- [The records]:

**********

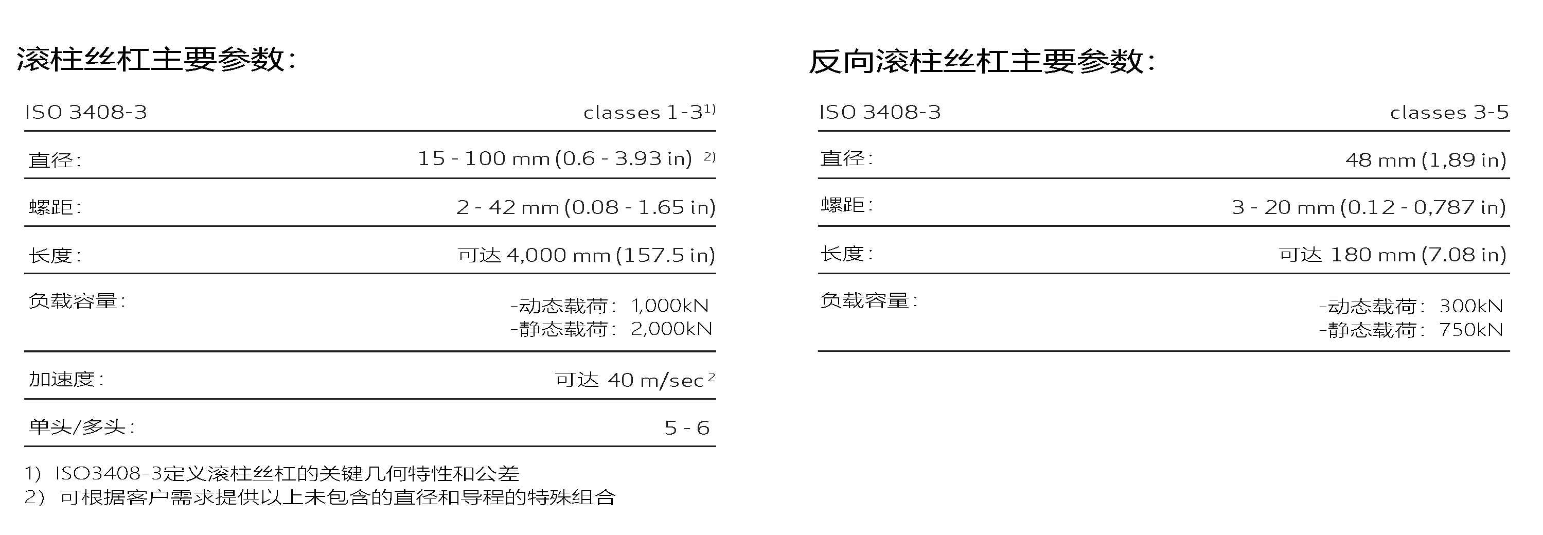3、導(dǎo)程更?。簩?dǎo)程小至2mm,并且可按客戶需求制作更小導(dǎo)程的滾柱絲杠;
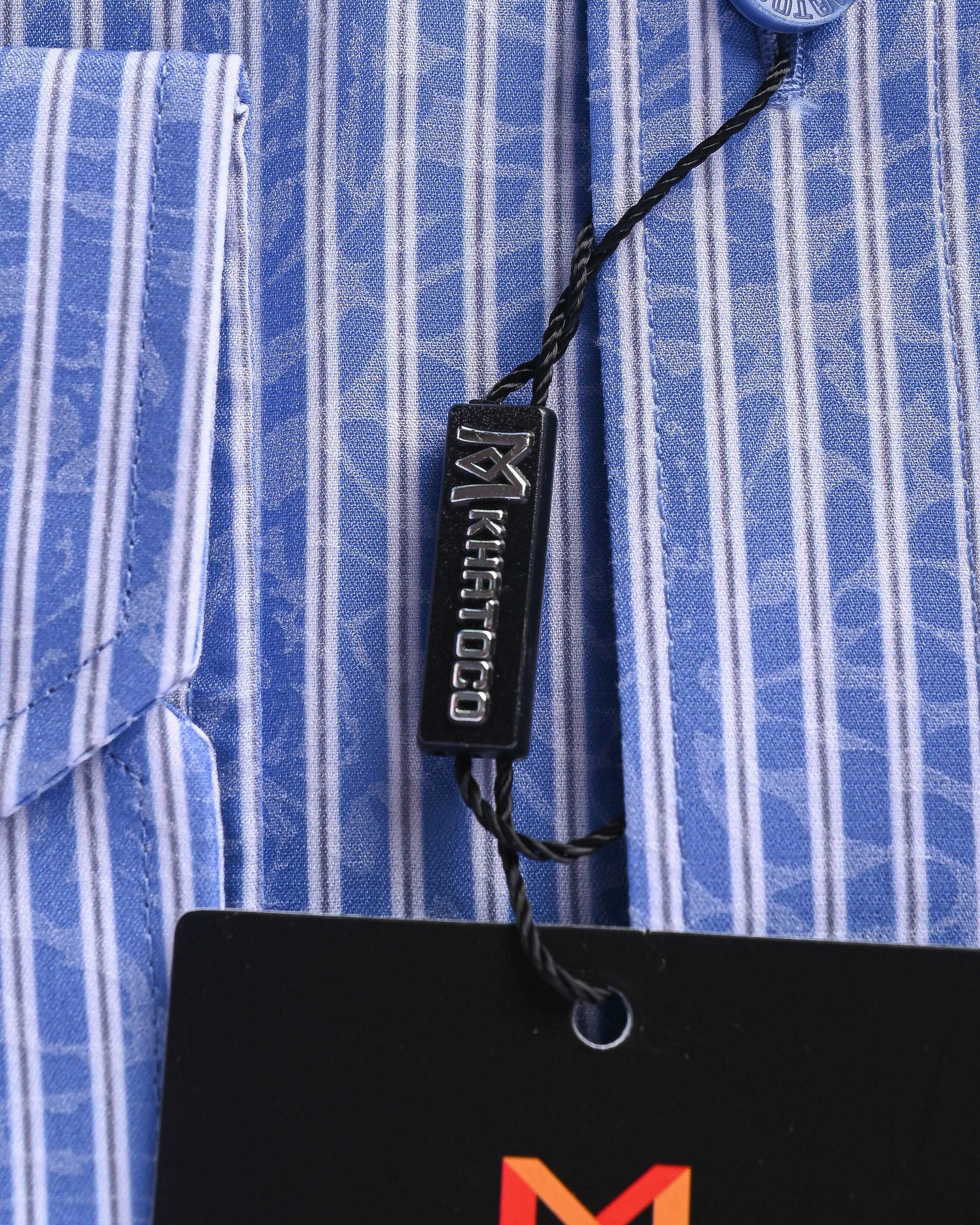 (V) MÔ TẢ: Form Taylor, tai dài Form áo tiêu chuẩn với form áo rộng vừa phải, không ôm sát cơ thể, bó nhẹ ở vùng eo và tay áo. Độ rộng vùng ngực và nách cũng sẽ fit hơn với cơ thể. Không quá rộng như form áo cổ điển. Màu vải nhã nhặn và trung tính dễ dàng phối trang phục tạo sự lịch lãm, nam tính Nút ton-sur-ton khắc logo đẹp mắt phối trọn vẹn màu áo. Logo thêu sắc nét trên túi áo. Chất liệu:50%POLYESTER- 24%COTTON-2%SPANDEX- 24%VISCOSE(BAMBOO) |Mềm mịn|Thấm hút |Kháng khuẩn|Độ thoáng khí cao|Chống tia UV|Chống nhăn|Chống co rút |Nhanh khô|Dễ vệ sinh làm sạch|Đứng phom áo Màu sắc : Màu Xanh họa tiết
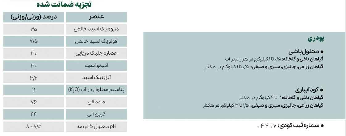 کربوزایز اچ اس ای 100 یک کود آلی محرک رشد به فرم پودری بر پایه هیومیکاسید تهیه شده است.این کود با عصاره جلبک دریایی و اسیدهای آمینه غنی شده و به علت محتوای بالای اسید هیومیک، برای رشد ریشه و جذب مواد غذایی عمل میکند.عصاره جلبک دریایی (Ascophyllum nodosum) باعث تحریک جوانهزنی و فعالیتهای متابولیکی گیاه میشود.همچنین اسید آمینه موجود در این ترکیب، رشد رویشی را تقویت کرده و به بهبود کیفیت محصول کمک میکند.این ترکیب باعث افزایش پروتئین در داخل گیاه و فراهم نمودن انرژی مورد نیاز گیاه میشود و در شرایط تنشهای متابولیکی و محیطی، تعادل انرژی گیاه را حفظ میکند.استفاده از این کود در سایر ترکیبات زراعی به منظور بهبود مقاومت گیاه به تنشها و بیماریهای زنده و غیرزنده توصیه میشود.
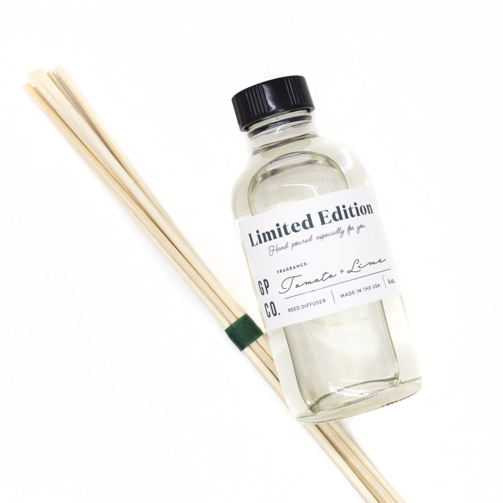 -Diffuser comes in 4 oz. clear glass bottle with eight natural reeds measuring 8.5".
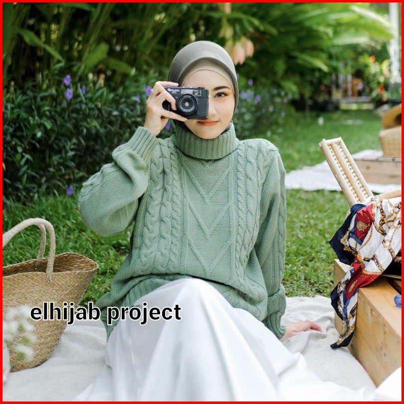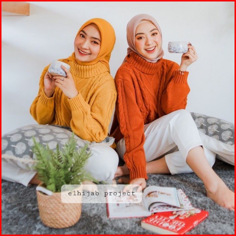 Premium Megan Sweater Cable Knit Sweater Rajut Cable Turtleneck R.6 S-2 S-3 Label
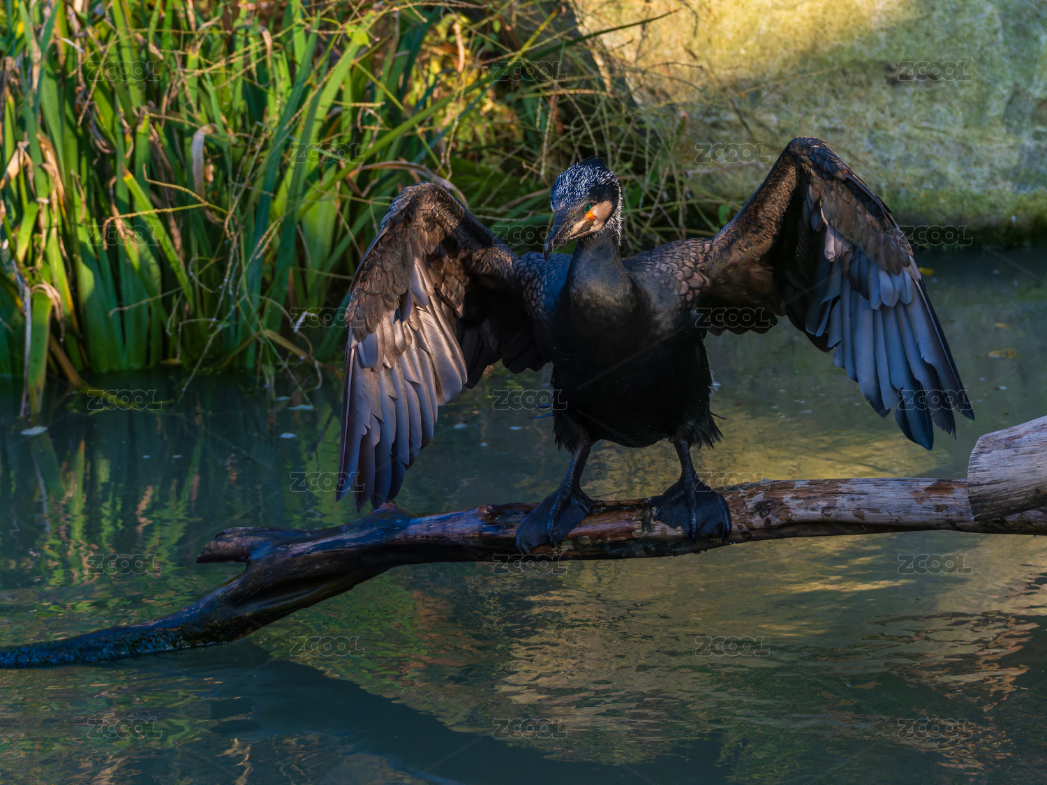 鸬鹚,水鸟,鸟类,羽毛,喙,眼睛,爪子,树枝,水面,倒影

**********

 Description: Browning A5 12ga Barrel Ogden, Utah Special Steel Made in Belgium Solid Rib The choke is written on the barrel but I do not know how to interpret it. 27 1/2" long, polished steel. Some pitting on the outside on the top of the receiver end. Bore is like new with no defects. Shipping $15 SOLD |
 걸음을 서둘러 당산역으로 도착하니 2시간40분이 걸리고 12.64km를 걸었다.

**********

Extract from the material above the stretch running from the line containing "کربوزایز اچ اس" through the line containing "鸬鹚,水鸟,鸟类,羽毛,喙,眼睛,爪子,树枝,水面,倒影". Keep the text exact and the pictures out.

 کربوزایز اچ اس ای 100 یک کود آلی محرک رشد به فرم پودری بر پایه هیومیکاسید تهیه شده است.این کود با عصاره جلبک دریایی و اسیدهای آمینه غنی شده و به علت محتوای بالای اسید هیومیک، برای رشد ریشه و جذب مواد غذایی عمل میکند.عصاره جلبک دریایی (Ascophyllum nodosum) باعث تحریک جوانهزنی و فعالیتهای متابولیکی گیاه میشود.همچنین اسید آمینه موجود در این ترکیب، رشد رویشی را تقویت کرده و به بهبود کیفیت محصول کمک میکند.این ترکیب باعث افزایش پروتئین در داخل گیاه و فراهم نمودن انرژی مورد نیاز گیاه میشود و در شرایط تنشهای متابولیکی و محیطی، تعادل انرژی گیاه را حفظ میکند.استفاده از این کود در سایر ترکیبات زراعی به منظور بهبود مقاومت گیاه به تنشها و بیماریهای زنده و غیرزنده توصیه میشود.
 -Diffuser comes in 4 oz. clear glass bottle with eight natural reeds measuring 8.5".
 Premium Megan Sweater Cable Knit Sweater Rajut Cable Turtleneck R.6 S-2 S-3 Label
 鸬鹚,水鸟,鸟类,羽毛,喙,眼睛,爪子,树枝,水面,倒影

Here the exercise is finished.